##### Supplied data #####

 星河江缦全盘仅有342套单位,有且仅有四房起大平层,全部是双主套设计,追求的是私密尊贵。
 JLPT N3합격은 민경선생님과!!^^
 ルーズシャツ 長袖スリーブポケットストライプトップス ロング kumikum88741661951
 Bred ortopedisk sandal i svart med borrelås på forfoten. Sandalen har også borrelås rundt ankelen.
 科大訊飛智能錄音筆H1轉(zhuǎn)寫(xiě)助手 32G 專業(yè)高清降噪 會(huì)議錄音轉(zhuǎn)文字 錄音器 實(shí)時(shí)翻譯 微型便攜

#####
##### Supplied data #####

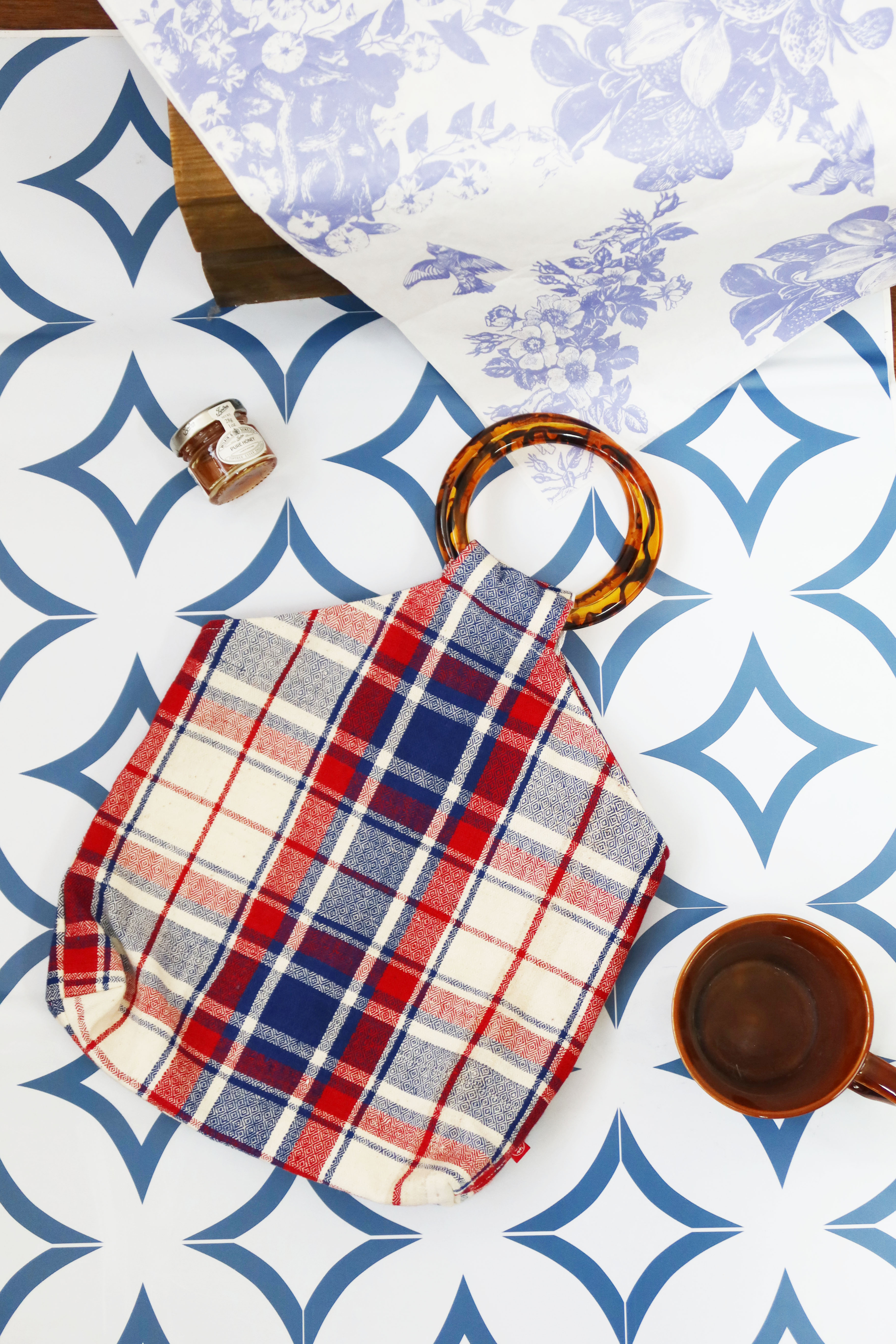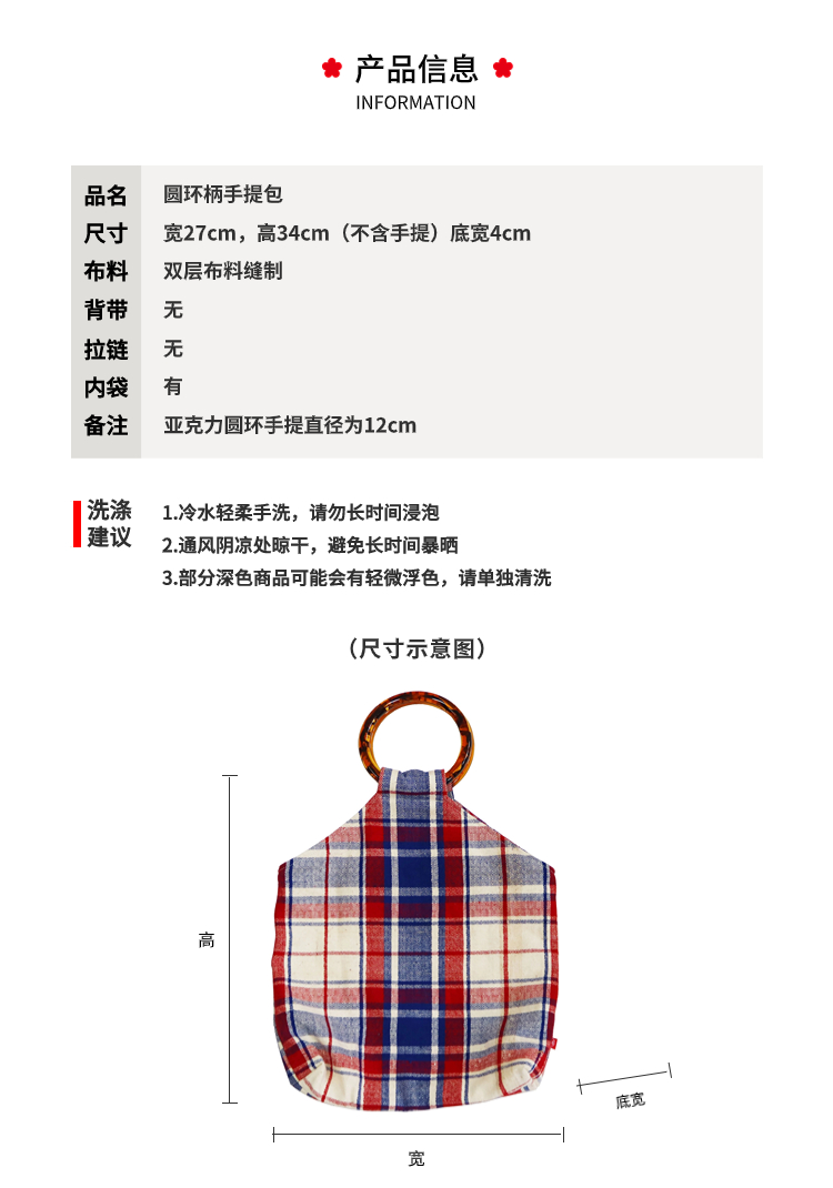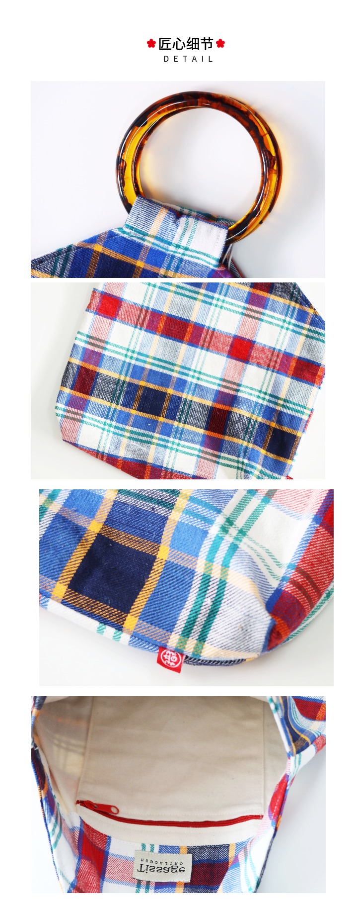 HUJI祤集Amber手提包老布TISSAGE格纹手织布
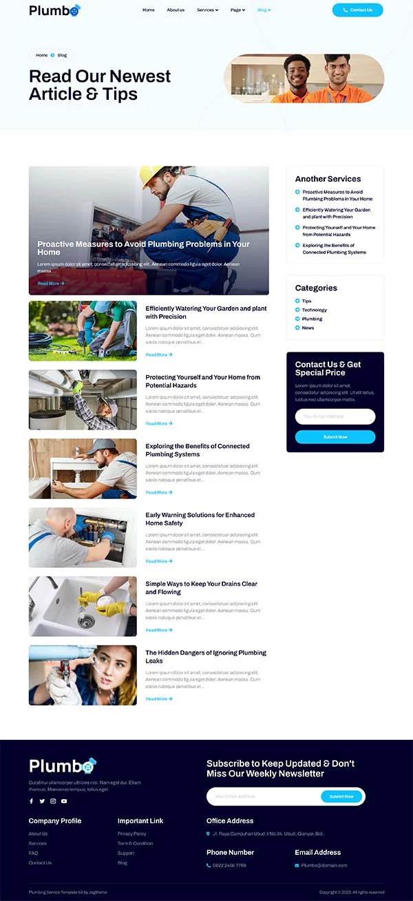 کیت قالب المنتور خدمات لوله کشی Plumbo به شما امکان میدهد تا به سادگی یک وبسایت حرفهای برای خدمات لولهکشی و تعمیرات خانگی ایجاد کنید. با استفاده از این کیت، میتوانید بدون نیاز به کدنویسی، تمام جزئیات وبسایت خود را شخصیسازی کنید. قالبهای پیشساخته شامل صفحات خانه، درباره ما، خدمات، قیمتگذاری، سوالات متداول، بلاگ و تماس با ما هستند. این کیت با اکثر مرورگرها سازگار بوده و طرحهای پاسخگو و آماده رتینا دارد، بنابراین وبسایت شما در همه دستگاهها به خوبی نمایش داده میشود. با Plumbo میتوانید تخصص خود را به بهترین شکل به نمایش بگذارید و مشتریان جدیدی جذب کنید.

#####

■ What is required
Above are the records. Print exactly, and only, the lines from the line with "星河江缦全盘仅有342套单位" to the line with "科大訊飛智能錄音筆H1轉(zhuǎn)寫(xiě)助手 32G 專業(yè)高清降噪", both inclusive.

■ Completed exercise
 星河江缦全盘仅有342套单位,有且仅有四房起大平层,全部是双主套设计,追求的是私密尊贵。
 JLPT N3합격은 민경선생님과!!^^
 ルーズシャツ 長袖スリーブポケットストライプトップス ロング kumikum88741661951
 Bred ortopedisk sandal i svart med borrelås på forfoten. Sandalen har også borrelås rundt ankelen.
 科大訊飛智能錄音筆H1轉(zhuǎn)寫(xiě)助手 32G 專業(yè)高清降噪 會(huì)議錄音轉(zhuǎn)文字 錄音器 實(shí)時(shí)翻譯 微型便攜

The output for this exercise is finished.